PROBLEM TO WORK ON:
The pictures are to be dropped, and the records below are to be restated word for word.

---- THE INPUT

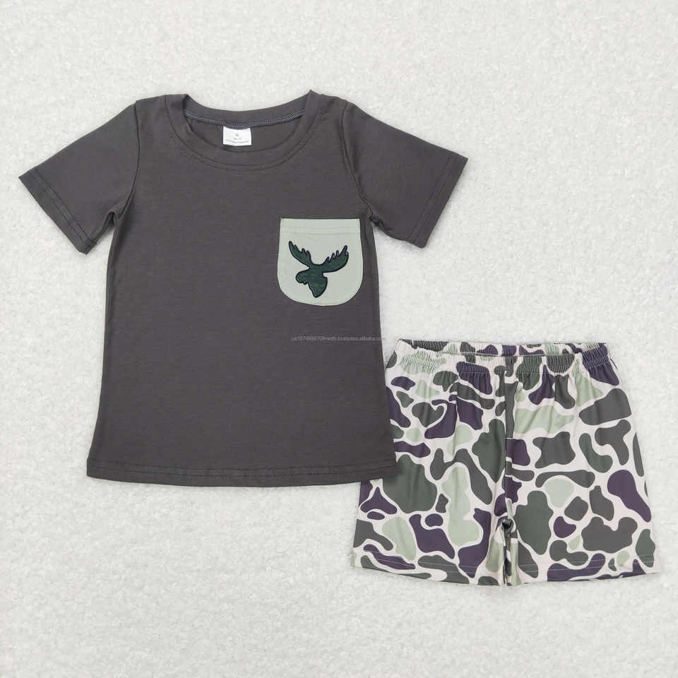 Ready to Ship Casual Baby Boys Shorts Wholesale Clothing for Duck Hunting Season Brown Short Sleeve Camouflage Pocket Outfit
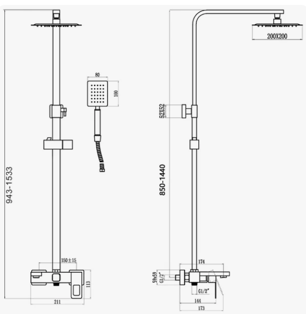 Душевая система, чёрный D-lin D10A05
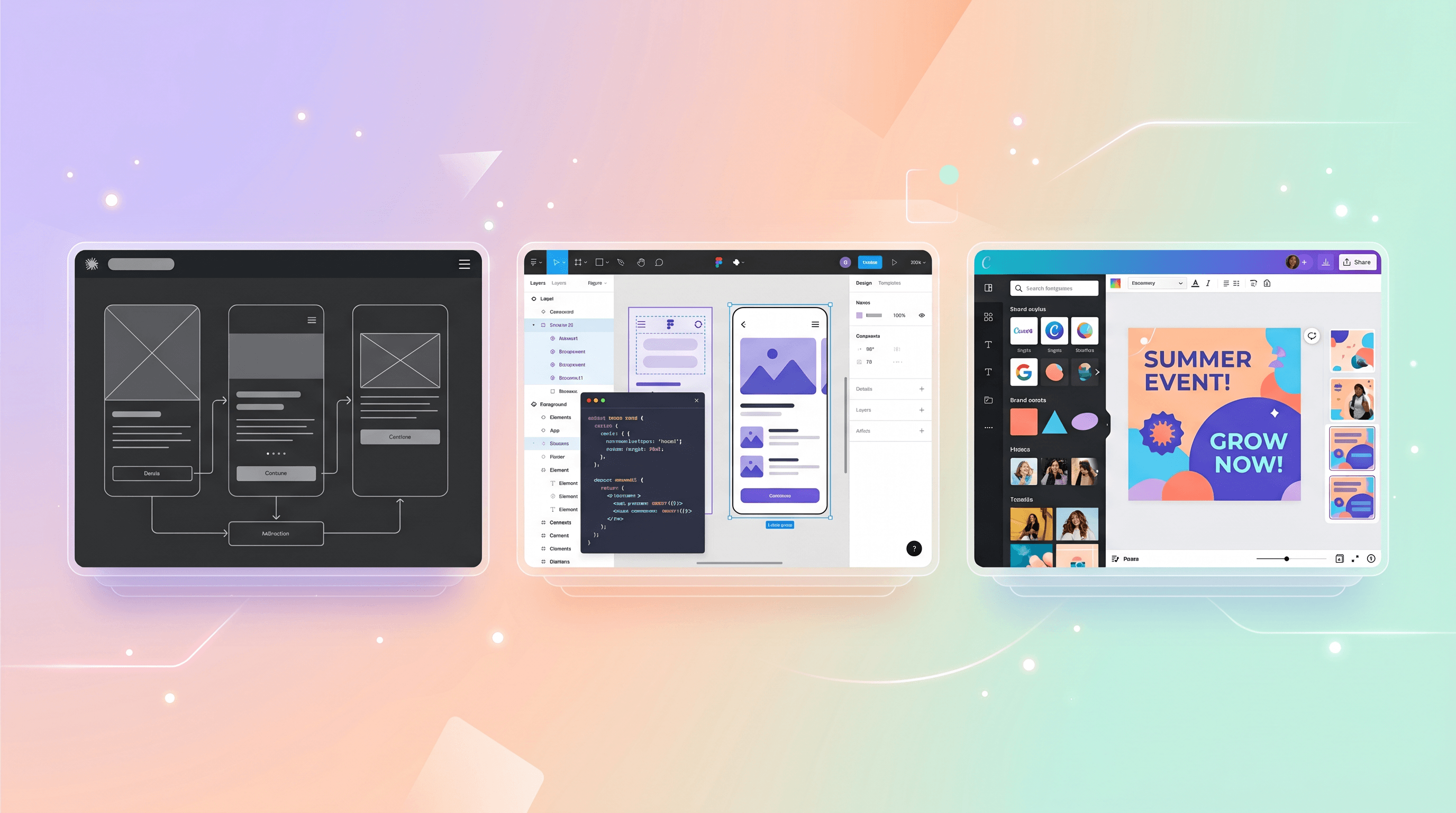 | UI generation | Strong (prototypes, mockups) | Strongest (native to Figma frames) | Good (Canva Code 2.0 for web) |
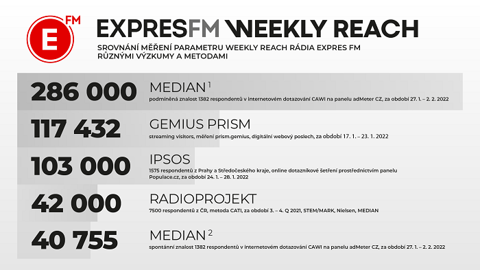 data oficiálního měření poslechovosti Radioprojektu. Tvrdí, že Expres FM
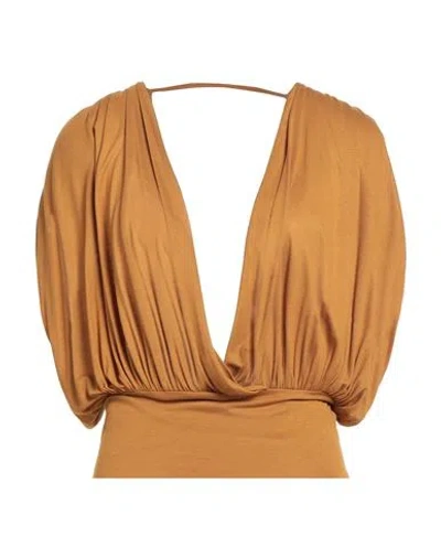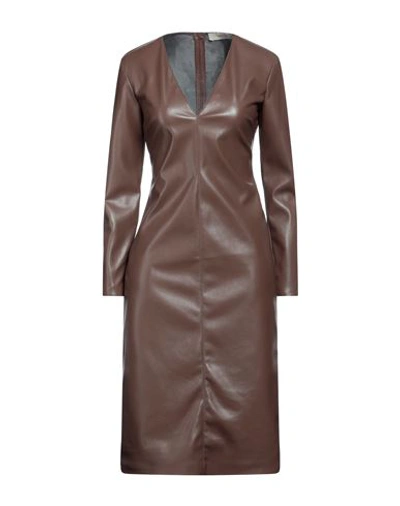 Woman Midi Dress Brown Size 10 Polyester, Polyurethane
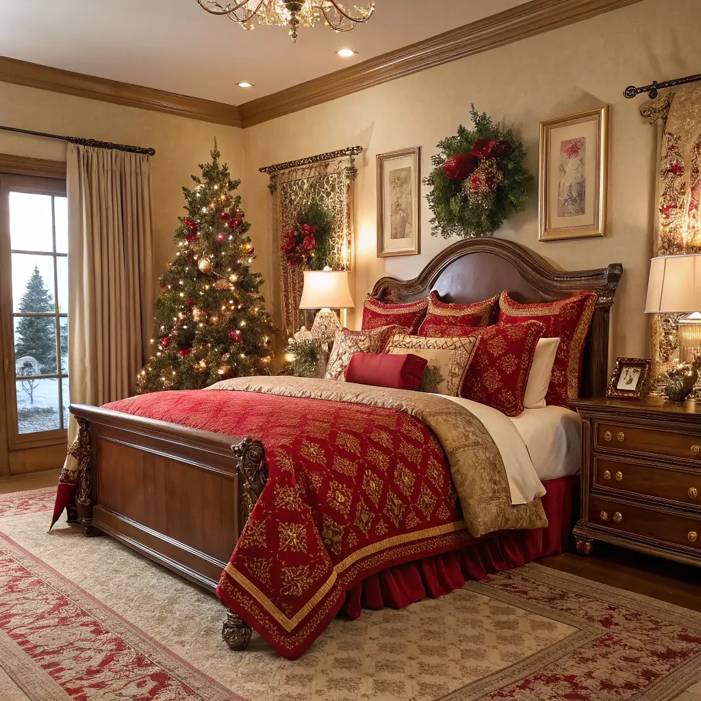Red & Gold Classic Christmas Bedroom
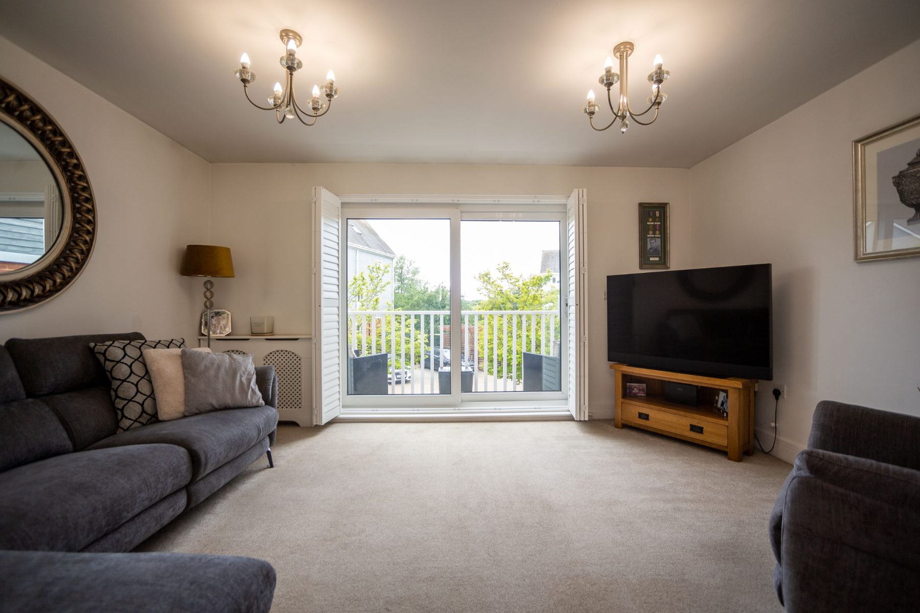 Upstairs, the second floor is home to the impressive master bedroom with fitted sliding wardrobes, a Juliet balcony with lake views, and a private en suite. Bedroom 2 is positioned at the rear and also benefits from its own en suite shower room, making it ideal for guests or older children.
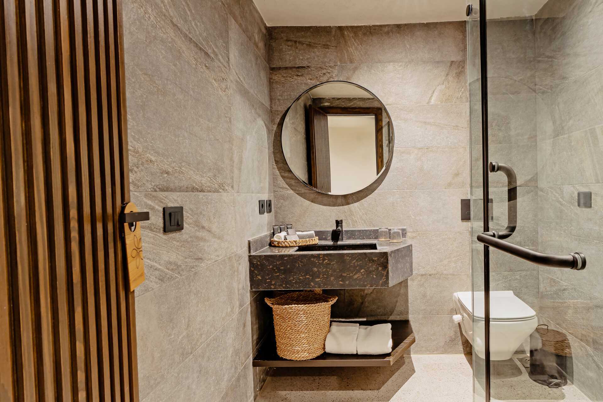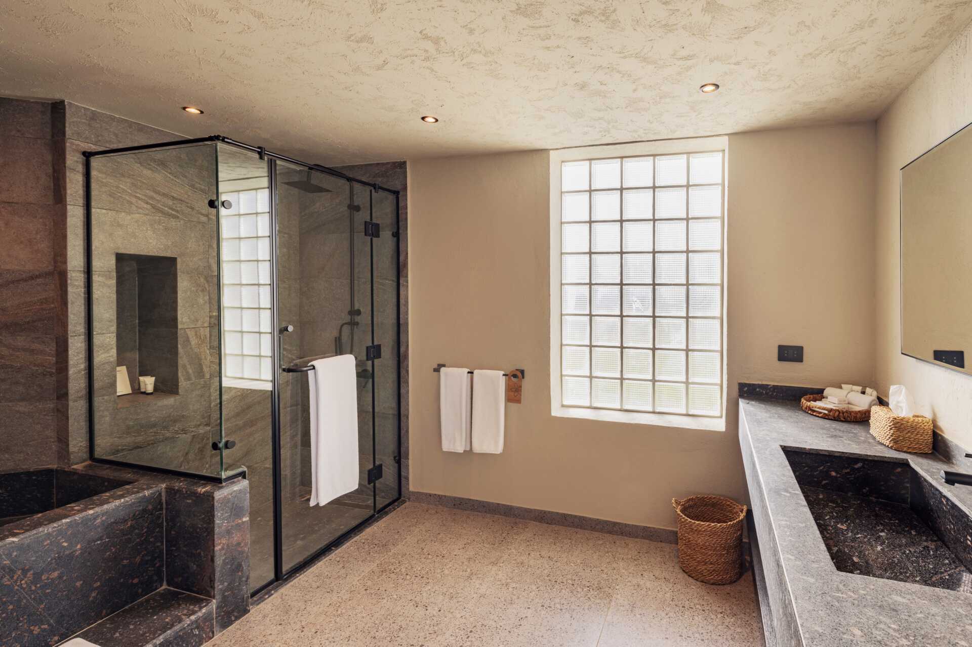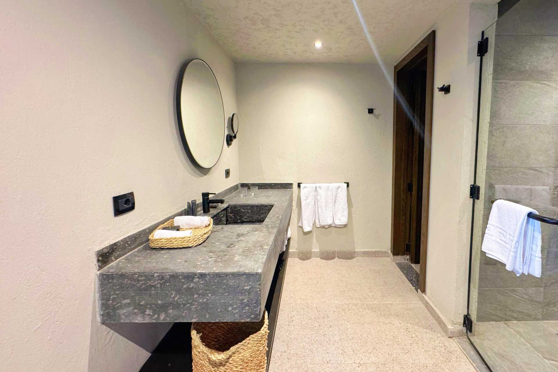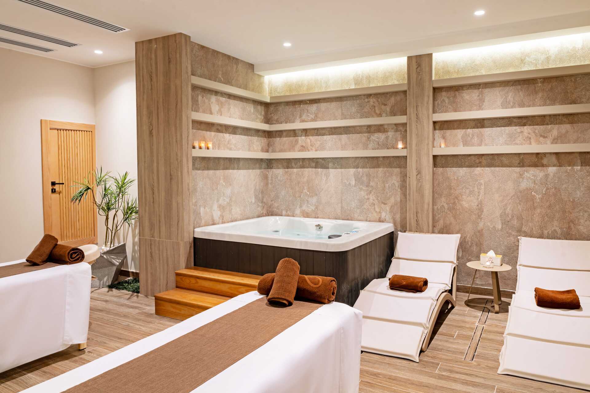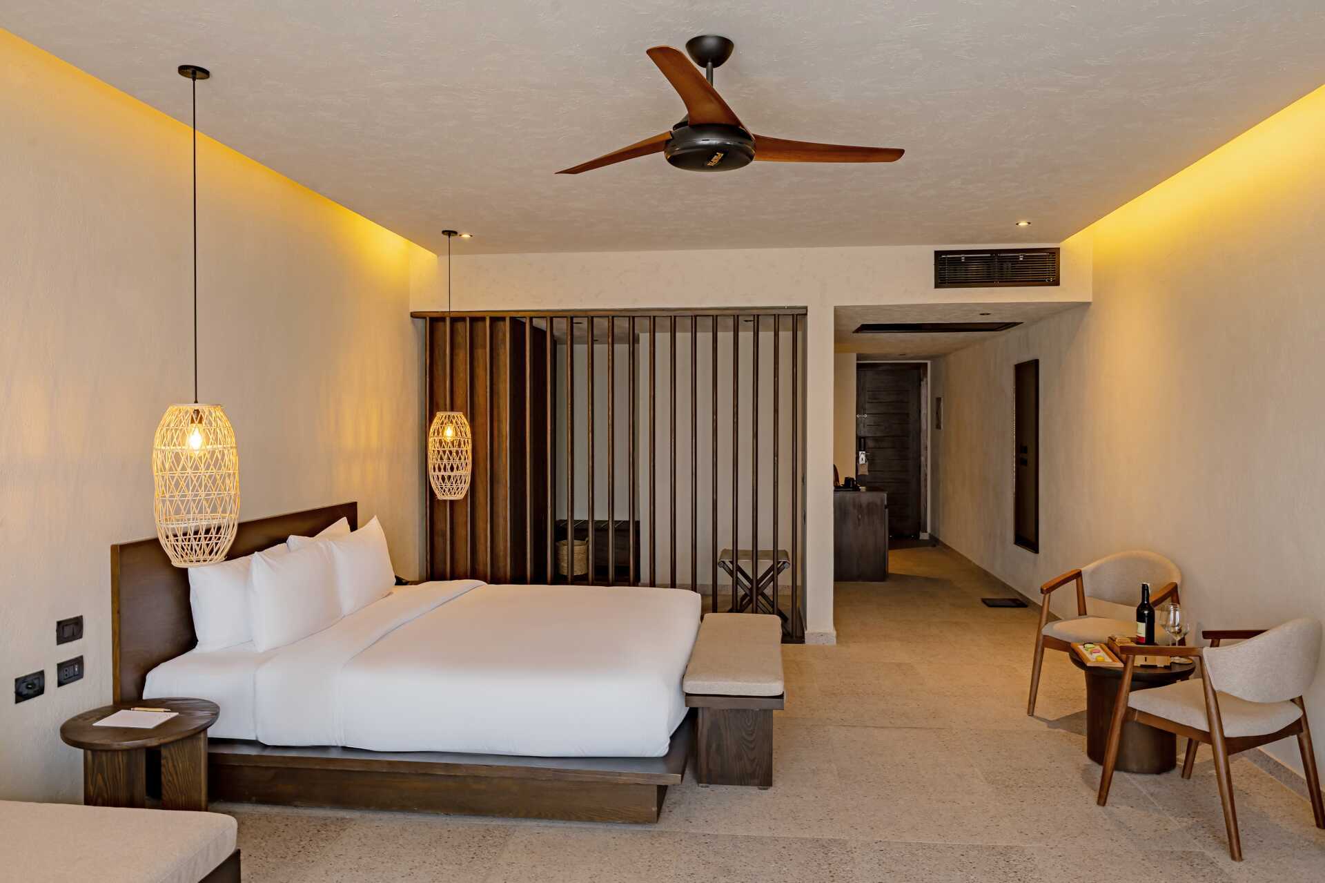 Suite med markterrasse og havutsikt. En dobbeltseng eller to enkeltsenger. Mulig med ekstrasenger i sovesofa. Wifi, luftkondisjonering og safe inkludert. Minibar. Vannkoker samt kaffe og te. TV. Hårføner. Dusj og wc. Rengjøring 7 ggr/uke.
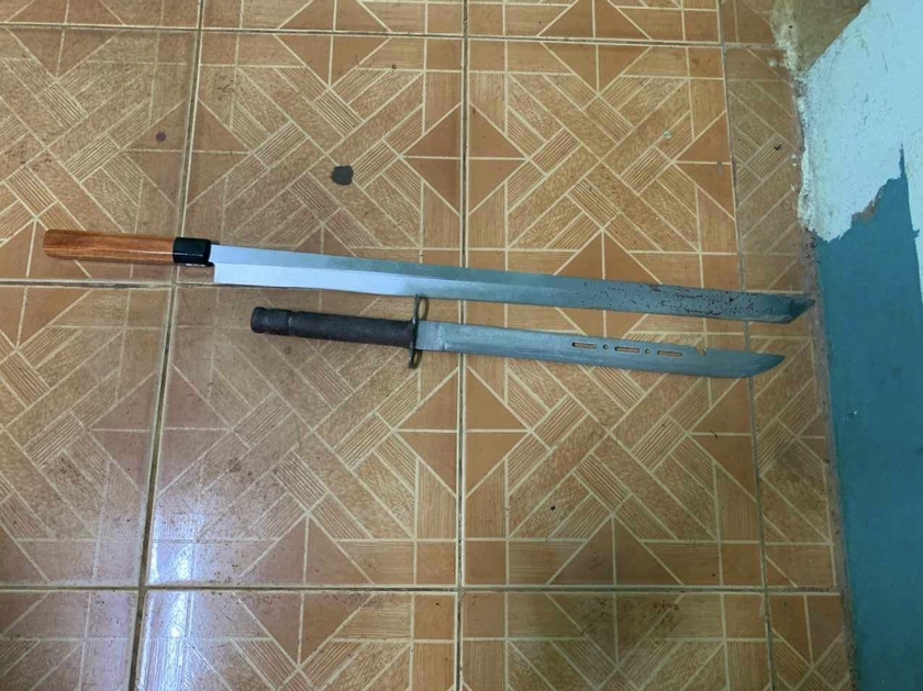 Do bực tức, anh V. về nhà lấy một con dao tự chế (kiếm) để đánh Phú song được mọi người can ngăn kịp thời. Thấy đối thủ định dùng dao đánh mình, Phú cũng về nhà lấy một dao tự chế dài 80cm đi tìm anh V..
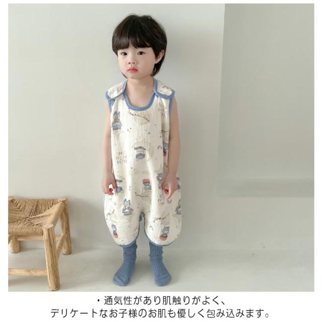 夏 綿 ベビー 袖なし 4重 コットン ガーゼ キッズ 2重 新生児 クーラー 柔らかい お昼寝 春 スリーパー 秋 パジャマ 寝冷え スリーパー 寝汗 出産祝い 洗える プレゼント
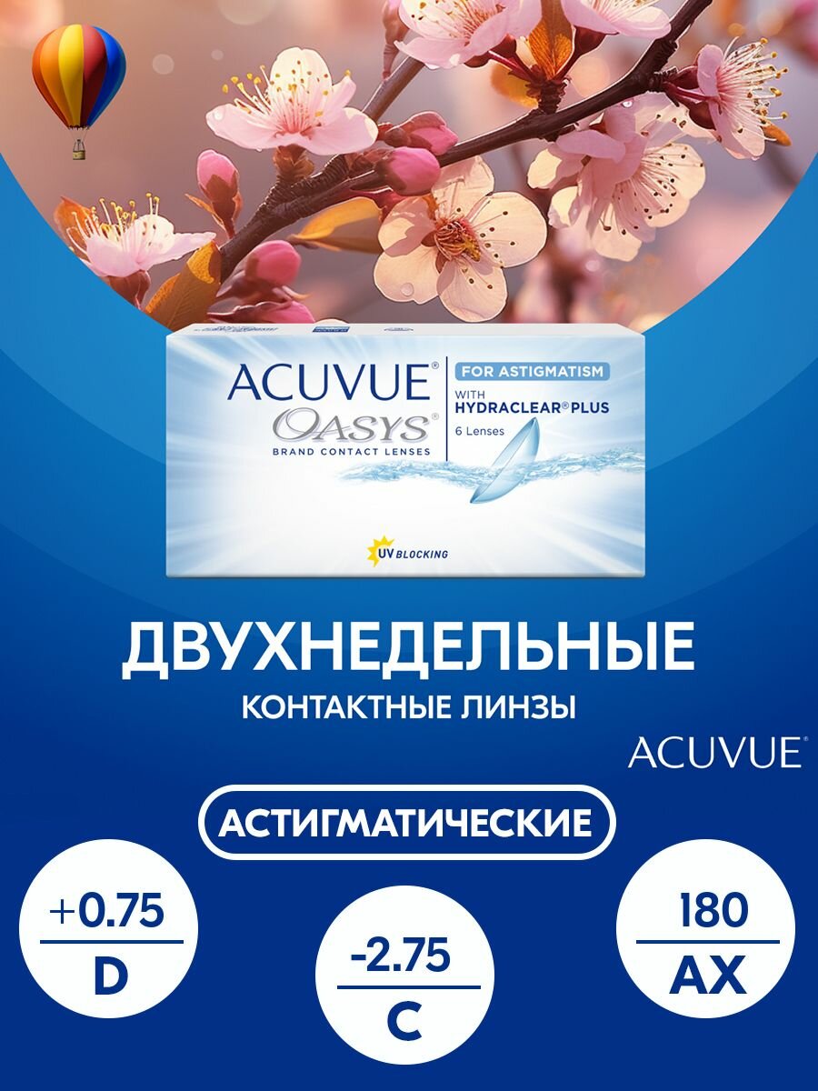 Купить Астигматические линзы Acuvue, Oasys for Astigmatism, +0.75 I цилиндр -2.75 I ось 180 I 6 линз I двухнедельные с доставкой по всей России. Астигматические линзы Acuvue, Oasys for Astigmatism, +0.75 I цилиндр -2.75 I ось 180 I 6 линз I двухнедельные: сравнение цен, характеристики, фото, актуальное наличие и цены.

--------

ANSWER SPACE:
 Ready to Ship Casual Baby Boys Shorts Wholesale Clothing for Duck Hunting Season Brown Short Sleeve Camouflage Pocket Outfit
 Душевая система, чёрный D-lin D10A05
 | UI generation | Strong (prototypes, mockups) | Strongest (native to Figma frames) | Good (Canva Code 2.0 for web) |
 data oficiálního měření poslechovosti Radioprojektu. Tvrdí, že Expres FM
 Woman Midi Dress Brown Size 10 Polyester, Polyurethane
Red & Gold Classic Christmas Bedroom
 Upstairs, the second floor is home to the impressive master bedroom with fitted sliding wardrobes, a Juliet balcony with lake views, and a private en suite. Bedroom 2 is positioned at the rear and also benefits from its own en suite shower room, making it ideal for guests or older children.
 Suite med markterrasse og havutsikt. En dobbeltseng eller to enkeltsenger. Mulig med ekstrasenger i sovesofa. Wifi, luftkondisjonering og safe inkludert. Minibar. Vannkoker samt kaffe og te. TV. Hårføner. Dusj og wc. Rengjøring 7 ggr/uke.
 Do bực tức, anh V. về nhà lấy một con dao tự chế (kiếm) để đánh Phú song được mọi người can ngăn kịp thời. Thấy đối thủ định dùng dao đánh mình, Phú cũng về nhà lấy một dao tự chế dài 80cm đi tìm anh V..
 夏 綿 ベビー 袖なし 4重 コットン ガーゼ キッズ 2重 新生児 クーラー 柔らかい お昼寝 春 スリーパー 秋 パジャマ 寝冷え スリーパー 寝汗 出産祝い 洗える プレゼント
 Купить Астигматические линзы Acuvue, Oasys for Astigmatism, +0.75 I цилиндр -2.75 I ось 180 I 6 линз I двухнедельные с доставкой по всей России. Астигматические линзы Acuvue, Oasys for Astigmatism, +0.75 I цилиндр -2.75 I ось 180 I 6 линз I двухнедельные: сравнение цен, характеристики, фото, актуальное наличие и цены.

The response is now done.